Saltchuk’s bid for the Honolulu-based carrier’s cargo assets, equipment and service lines is the first for any part of Aloha. The offer is subject to the approval of the U.S. Bankruptcy Court.

The amount of the offer was not disclosed and Saltchuk said it was not interested in taking over Aloha’s passenger business.

Saltchuk said it intends to retain as many cargo employees as possible.

Aloha spokesman Stu Glauberman said the carrier will file a motion to have the bid considered.

“Aloha continues to entertain other bids for all or parts of our business,” he said. “Meanwhile Aloha is operating all of its business segments as usual and plans to continue to do so.”

The Seattle holding company has had a presence in Hawaii since 2000 when it acquired Young Brothers/Hawaiian Tug & Barge.
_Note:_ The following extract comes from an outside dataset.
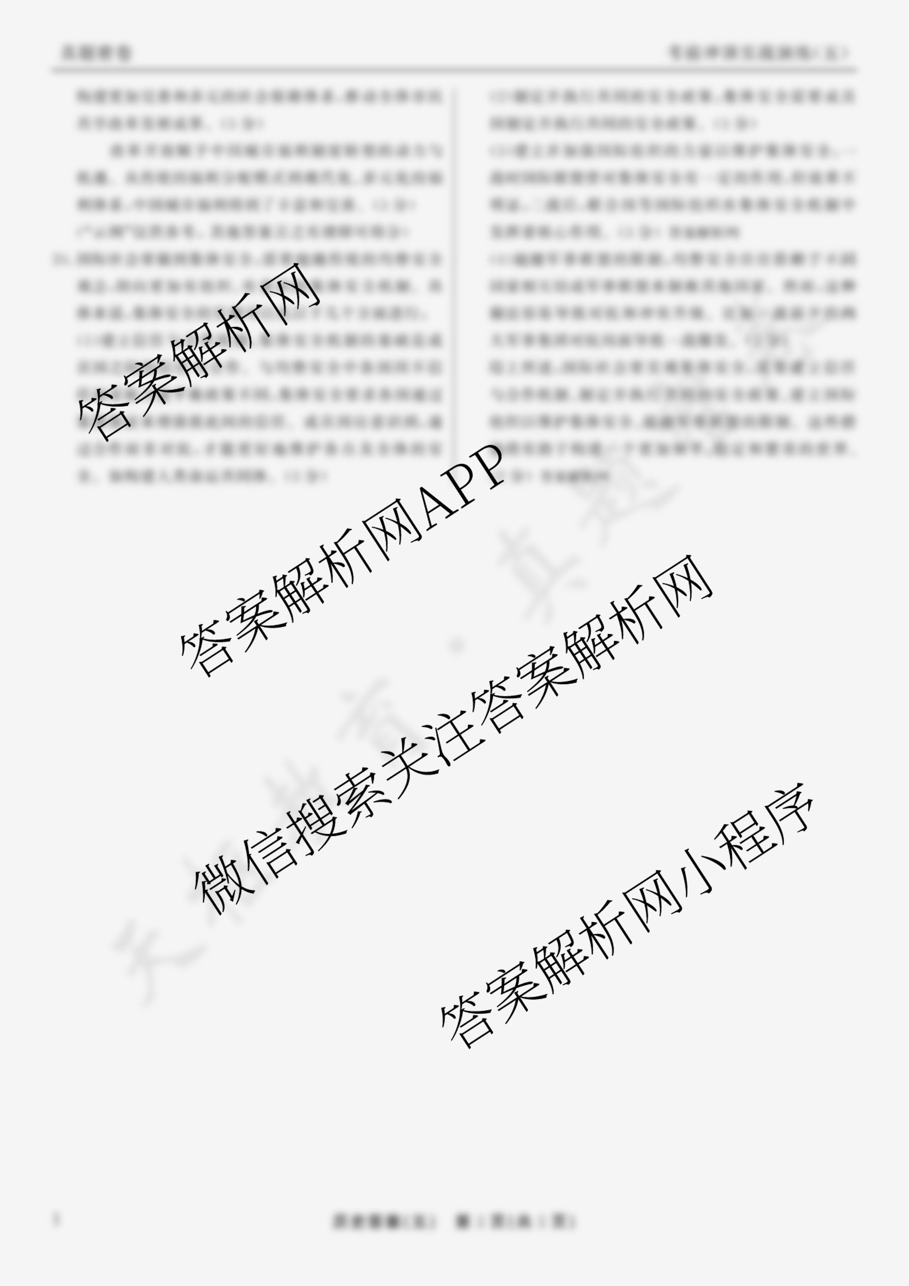真题密卷2024-2025学年度考前冲顶实战演练(五)5历史(1)答案

The company in 2006 purchased Hawaii Fuel Network, Maui Petroleum and Minit Stop Stores.

Saltchuk also owns Northern Air Cargo, the largest cargo carrier in Alaska, which uses the same type of aircraft as Aloha.
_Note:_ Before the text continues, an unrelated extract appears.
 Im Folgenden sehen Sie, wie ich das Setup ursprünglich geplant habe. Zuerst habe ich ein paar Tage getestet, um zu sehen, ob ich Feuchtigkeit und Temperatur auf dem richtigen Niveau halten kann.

“We believe our knowledge of Hawaii, coupled with our extensive air cargo operations experience, positions us well to help take Aloha Air Cargo to the next level,” Saltchuk President Tim Engle said in a statement.

Rocked by record fuel prices and a new low-fare competitor in Mesa Air Group’s go! airline, Aloha filed for Chapter 11 on March 20, a little more than two years after emerging from bankruptcy.
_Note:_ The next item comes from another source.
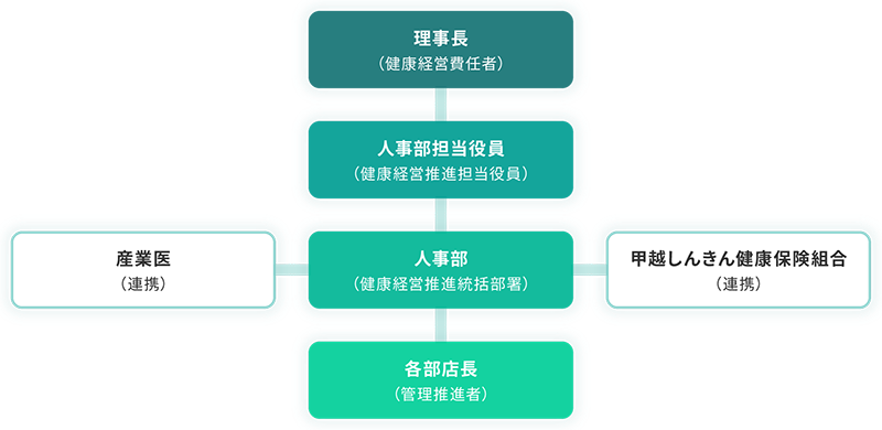 この理念を達成するためには、まず職員自らが心身ともに健康で快活に仕事をすることが大切であり、働きやすい職場環境をつくることにより、職員一人ひとりが持つ能力を最大限に発揮することができると考えています。そのために大切な経営資源である職員の健康維持・増進のサポートに経営者自らが関与し、活力ある健全な組織をつくり、地域金融機関としての使命を果たしてまいります。

A day after filing for bankruptcy protection, the cash-strapped company’s passenger services, air cargo and contract services, which include U.S. mail shipments, were put up for sale.

The airline said in its bankruptcy filing that it was unable to generate sufficient revenue due to what it called “predatory pricing” by Phoenix-based Mesa, which launched go! in 2006 to compete with Aloha and Hawaiian Airlines.

Aloha, the second-largest Hawaii carrier, operates a fleet of 26 Boeing 737s to serve five airports statewide and six mainland U.S. destinations.